La modernité pionnière de l'Égypte ancienne

photo_camera Atalayar_Hassan Fathy

Hassan Fathy (Alexandrie, 1900 - Le Caire, 1989), connu et vanté comme l'architecte des pauvres, est un véritable représentant du modernisme égyptien et en avance sur son temps en tant que père de l'architecture durable et vernaculaire. Il est né avec les premiers rayons du soleil du XXe siècle, lorsque la culture égyptienne millénaire était déchirée entre l'acceptation totale des nouveaux modèles et la domination européenne, ou la recherche de sa propre voie à partir de ses propres racines. Des peintres comme Mohamed Naghi, Mahmoud Saïd ou Ragheb Ayad, et des sculpteurs comme Mahmoud Mukhtar sont les "pionniers" ("al-ruwwad") du mouvement moderniste égyptien, des artistes qui incarnent la réflexion intellectuelle de la renaissance culturelle ("nahda"), mais aussi capables d'une interaction finalement innovante. 

Fathy peut également être considéré comme l'un de ces pionniers innovateurs, capable d'aller au fond des racines de sa propre culture, d'assimiler les enseignements du paysan traditionnel, le "fellah", d'observer et d'apprendre les coutumes ancestrales des bâtisseurs nubiens du sud, ceux-là mêmes qui ont construit des dômes, des arcs et des voûtes inclinées, sans cadre, comme ils l'ont toujours fait depuis des temps immémoriaux. 

Tel est le contexte et l'arrière-plan de l'exposition que la Casa Árabe de Madrid consacre à l'architecte, sous le titre "Hassan Fahty : à contre-courant", dont le commissaire est José Tono Martínez, qui, depuis son passage à l'Expo 2008 de Saragosse, a décidé de rendre justice à l'homme qui a rejeté l'imposition internationale en matière de nouveaux matériaux. 

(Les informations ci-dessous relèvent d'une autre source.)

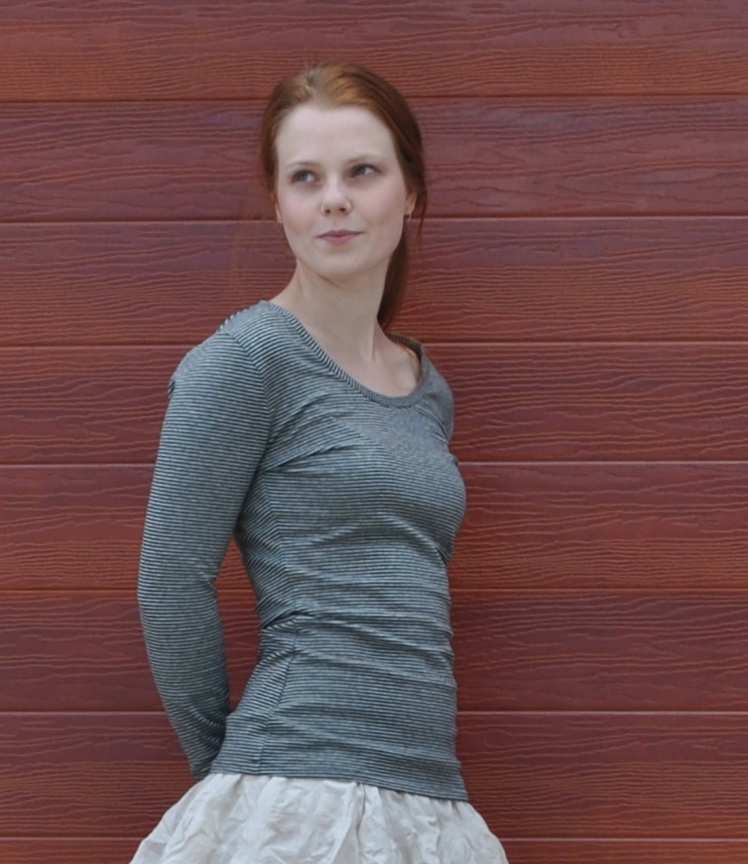 Cassie’s Tshirt; self-drafted grey and black striped cotton jersey, details here

Contemporain des grands gourous de l'architecture de presque tout le XXe siècle, Fathy redécouvre les propriétés millénaires de l'adobe, des argiles et des sables séchés au soleil et mélangés à de la paille. Un matériau de construction disponible au pied de n'importe quel village, bon marché et à haute capacité d'isolation thermique.  En bref, il met sa profession au service de la grande majorité de la population, c'est-à-dire des pauvres. 

La meilleure expression de ses convictions est peut-être la construction du quartier du Nouveau Gourma, destiné à accueillir les familles qui vivaient du pillage et de la mise à sac des tombes de la Vallée des Rois, et qui est présenté dans l'exposition sous forme de plans, de maquettes et de photographies de cette œuvre emblématique, réalisée entre 1945 et 1948, juste après la Seconde Guerre mondiale. Fathy fait ainsi de l'anthropologie en incorporant dans son projet tout un traité sur les us et coutumes des habitants de ce village, à qui l'on a offert des habitations ancrées dans l'histoire millénaire en échange de l'abandon de leur activité de pilleurs de tombes, poussés par la faim.   

L'exposition couvre de nombreuses autres œuvres emblématiques : la maison Hamid Saïd, au Fayoum, 1942 ; la Lulu à la mosquée al-Sahara, au Caire, 1950, la maison Casaroni, à Shabramant, 1980, et ses traces en Espagne : Sa Bassa Blanca, Alcudia, Majorque 1978/80, et au Nouveau Mexique, avec la Villa Dar al-Islam. 

Outre une sélection très représentative de l'œuvre picturale d'Hassan Fathy, le commissaire José Tono a inclus trois contributions complémentaires dans l'exposition. Un panel centré sur "l'architecture en terre dans la péninsule ibérique", avec des typologies de techniques et d'œuvres provenant d'ateliers contemporains ; une installation dédiée à l'artiste par l'Anglaise Hannah Collins, intitulée "Je vais faire une chanson et la chanter dans un théâtre avec l'air de la nuit au-dessus de ma tête", et une œuvre de l'artiste Chant Avedissian, disciple direct d'Hassan Fathy.  

Comme le dit Nadia Radwan, professeur à l'université de Berne, les travaux du "al-ruwwad" s'enracinent dans le projet politique d'un éveil culturel. Un événement artistique, qui a ouvert la voie à l'avant-garde égyptienne. Ce moderniste millénaire, Hassan Fahty, expose son travail à la Casa Árabe de Madrid jusqu'au 16 mai.